My Principles For Understanding The World

These are my rules for life and these are my principles for decoding reality:

* We live in a post-modern world. There’s no one narrative that adequately explains reality.

* Personalities are usually less powerful than situations. The news media focuses on personalities because that is a more compelling story than focusing on structure, but structure shapes the world more than individual whims. For example, as I write this in April of 2024, Bibi Netanyahu is Israel’s Prime Minister and his personality gets a lot of media coverage. If someone else were Israel’s prime minister at this time, Israel’s conduct toward its enemies wouldn’t change much. For example, if Bibi decided to support an independent Palestinian state, he would simply be removed from power because the majority of Israelis are not in a mood to give the Palestinians anything. If a Haredi Gadol came out in favor of Zionism, he would no longer be a Haredi Gadol.

A structuralist understands that what happens in Ukraine or Israel or Nigeria has nothing to do with America’s vital interests. To adopt a lesson from Stephen Covey’s Seven Habits of Highly Effective People, don’t confuse the urgent for the important.

Sometimes, however, individuals are more important than situations. If anyone but Hitler had led Germany during WWII, there would not have been a Holocaust.

* We’re all locked in an iron cage together and nobody is coming to save us. To survive, you as an individual and as a nation want to become as strong as possible because you never know what might happen and possessing strength is the best way to survive.

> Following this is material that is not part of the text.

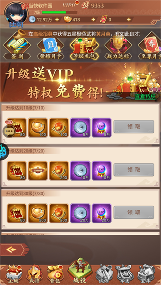 2.设置多种卡牌升级方式,可自由突破武将上限、提升武将品质、调整属性面板,全方位增强自身实力,解锁更多趣味玩法,满足不同培养需求。

* (Almost) nobody cares about out-groups.

* The stronger your in-group identity, the more negatively you feel about out-groups. “Ties bind and blind.” (Jonathan Haidt)

* The more stable and cohesive you are, the better. The more divided and unstable your competitors, the better for you.

* Everybody has a hero system. Most people get it from their community, noted Ernest Becker. Liberalism and leftism are the hero systems that thinks they have transcended hero systems. Most people seem unaware that their hero system is a product of contingent circumstances, and it is this subjective hero system that drives liberals to condemn imaginary sins such as racism, bigotry, xenophobia, Islamophobia, homophobia and the like while people on the right condemn sins that are imaginary from a liberal perspective such as gay sex and trans identity and drug experimentation.

* For the normal person embedded in a group, his purported racism, sexism, Islamophobia, homophobia, prejudice and the like are not the opposite of morality, but the proper foundation for morality. This bloke loves specific people and is loved by them and thus he has an in-group and a hero system and everything he needs for meaning and morality. Such a person is less likely to engage in reckless behaviors than those who are unmoored.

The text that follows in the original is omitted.